*DATA SHOWN*.
▽

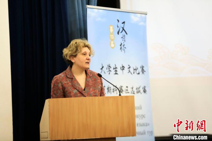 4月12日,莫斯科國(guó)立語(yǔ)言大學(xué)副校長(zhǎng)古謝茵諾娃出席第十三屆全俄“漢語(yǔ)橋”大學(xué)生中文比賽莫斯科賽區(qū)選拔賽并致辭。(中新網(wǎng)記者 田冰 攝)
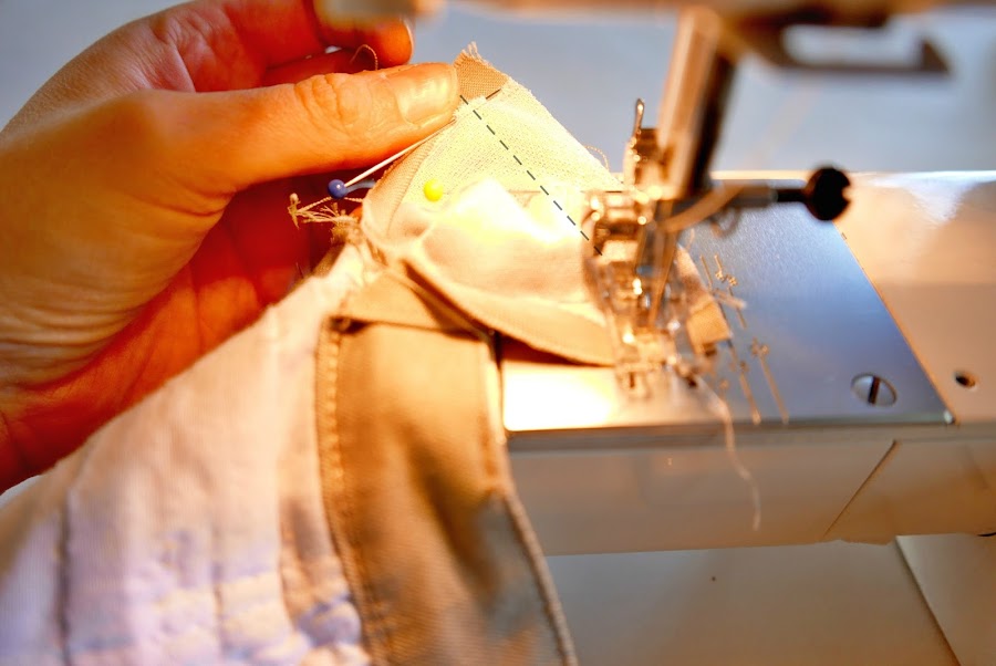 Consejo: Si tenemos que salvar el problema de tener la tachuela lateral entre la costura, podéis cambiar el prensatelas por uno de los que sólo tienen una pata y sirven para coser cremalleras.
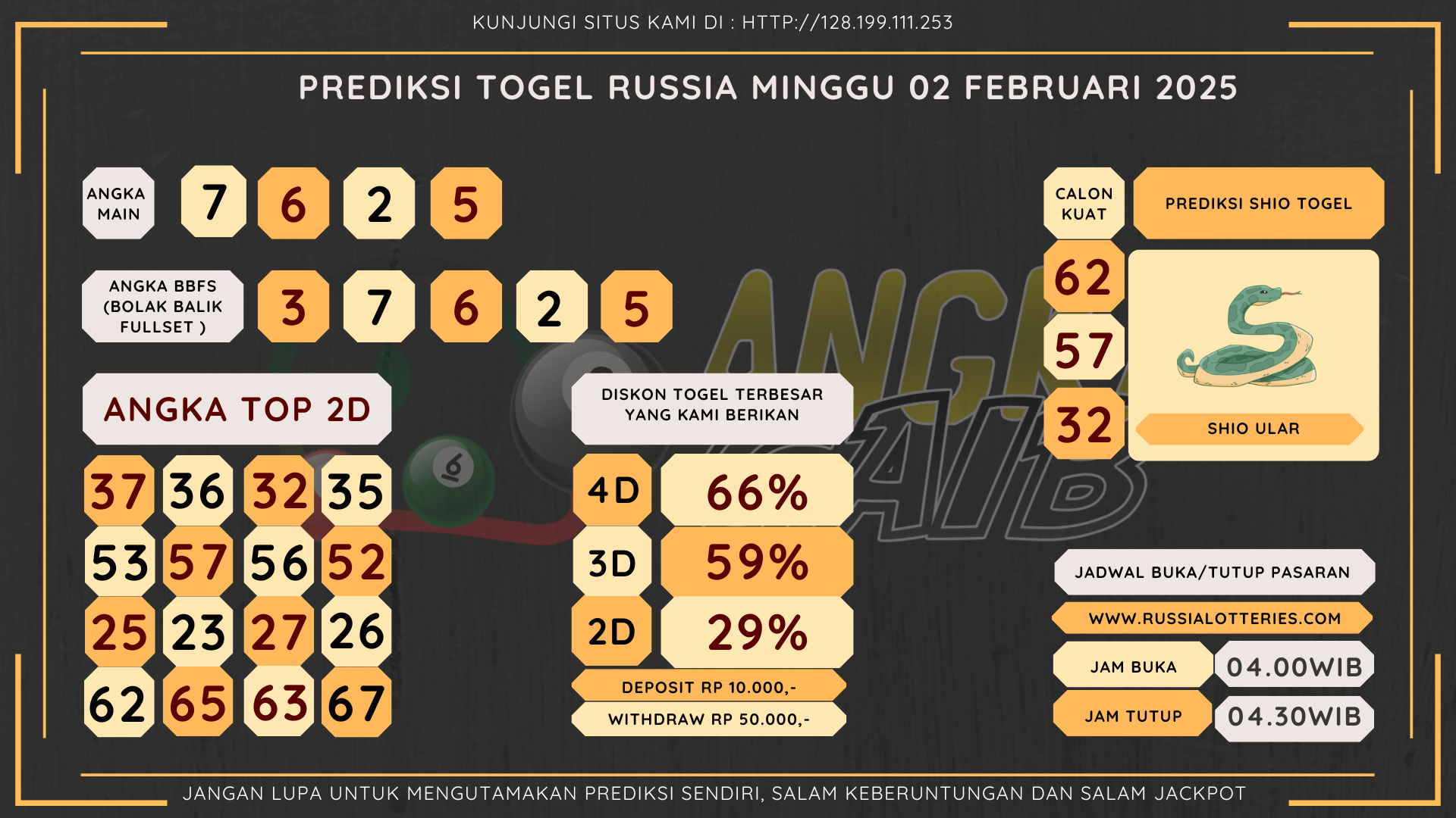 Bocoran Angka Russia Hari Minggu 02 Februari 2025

△
▽

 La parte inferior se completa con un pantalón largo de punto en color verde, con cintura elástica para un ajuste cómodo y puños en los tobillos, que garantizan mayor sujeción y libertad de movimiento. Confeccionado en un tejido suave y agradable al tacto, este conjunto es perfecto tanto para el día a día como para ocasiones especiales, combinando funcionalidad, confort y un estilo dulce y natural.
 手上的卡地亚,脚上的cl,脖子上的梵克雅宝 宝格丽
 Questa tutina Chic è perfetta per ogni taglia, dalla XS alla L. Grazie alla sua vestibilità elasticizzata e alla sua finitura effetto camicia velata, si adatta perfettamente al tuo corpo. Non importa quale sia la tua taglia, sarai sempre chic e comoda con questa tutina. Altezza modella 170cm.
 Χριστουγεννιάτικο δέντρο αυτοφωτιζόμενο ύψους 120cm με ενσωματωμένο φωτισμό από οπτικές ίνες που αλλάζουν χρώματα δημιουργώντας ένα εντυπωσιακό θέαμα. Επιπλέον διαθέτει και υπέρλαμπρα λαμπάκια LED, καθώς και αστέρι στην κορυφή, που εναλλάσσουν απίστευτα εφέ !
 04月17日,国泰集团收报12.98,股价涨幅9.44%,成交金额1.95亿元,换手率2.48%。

△

*WHAT NEEDS TO BE DONE*.
The lines above starting at the one that holds "Consejo: Si tenemos" and ending at the one that holds "Bocoran Angka Russia" are to be written out exactly, ends included, and no pictures are to be copied.

*REPLY TO THE TASK*.
 Consejo: Si tenemos que salvar el problema de tener la tachuela lateral entre la costura, podéis cambiar el prensatelas por uno de los que sólo tienen una pata y sirven para coser cremalleras.
 Bocoran Angka Russia Hari Minggu 02 Februari 2025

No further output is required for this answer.